What was insulting in the Twitter exchange between Colonel Janzen and I, and other people who were engaged, is that essentially what I saw was disrespect towards parliamentarians and our right to ask the hard questions, to raise issues and to ask about what Canadians need to hear about what the government is doing and how it is using the Canadian Armed Forces.
This comes back to the fact that after the Liberals formed government in 2015, they developed a policy called the weaponization of the Canadian Armed Forces public affairs division. That was actually reported in Defence Watch in 2015. We have had a change in policy.

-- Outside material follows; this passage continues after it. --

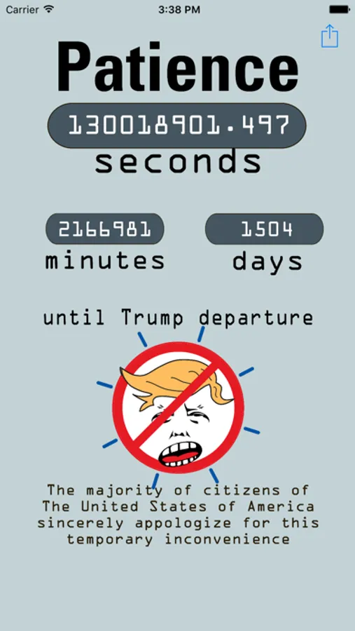 TrumpDown will accurately tell you, down to the millisecond, just how long you have to wait until the next President will be sworn into office. Amaze your friends with its accuracy and soothe yourself knowing time does fly and all we need is a little PATIENCE.

The director of strategic communications, or public affairs, of the Canadian Armed Forces is meant to be there to help inform Canadians and to help explain what the Canadian Armed Forces is up to, whether it is the mission in Mali, whether it is training here at home, whether it is recruiting or whether it is deploying to other missions around the world. That is its role. They can talk about some of the equipment we are buying and what they are doing with that equipment.
Those are the interesting discussions Canadians are looking for. They want to make sure that they are engaged at that level, but to have a Twitter war appear is something I am concerned about, and others are as well.
As I said to the colonel in one of my tweets back:
Do you have a problem with #transparency, civilian oversight or both? It is arrogant and insulting to diminish the legitimate questions of Parliamentarians and Canadians. We have the right to know how [the Prime Minister] is using our #Canadian Forces to get #UN SecurityCouncilseat.
An explanation was given by Colonel Janzen about the terminology being used properly. I accept that explanation, but the discourse between the armed forces and us as parliamentarians needs to be respectful and ensure that information is being shared and that nobody feels diminished in asking those hard questions.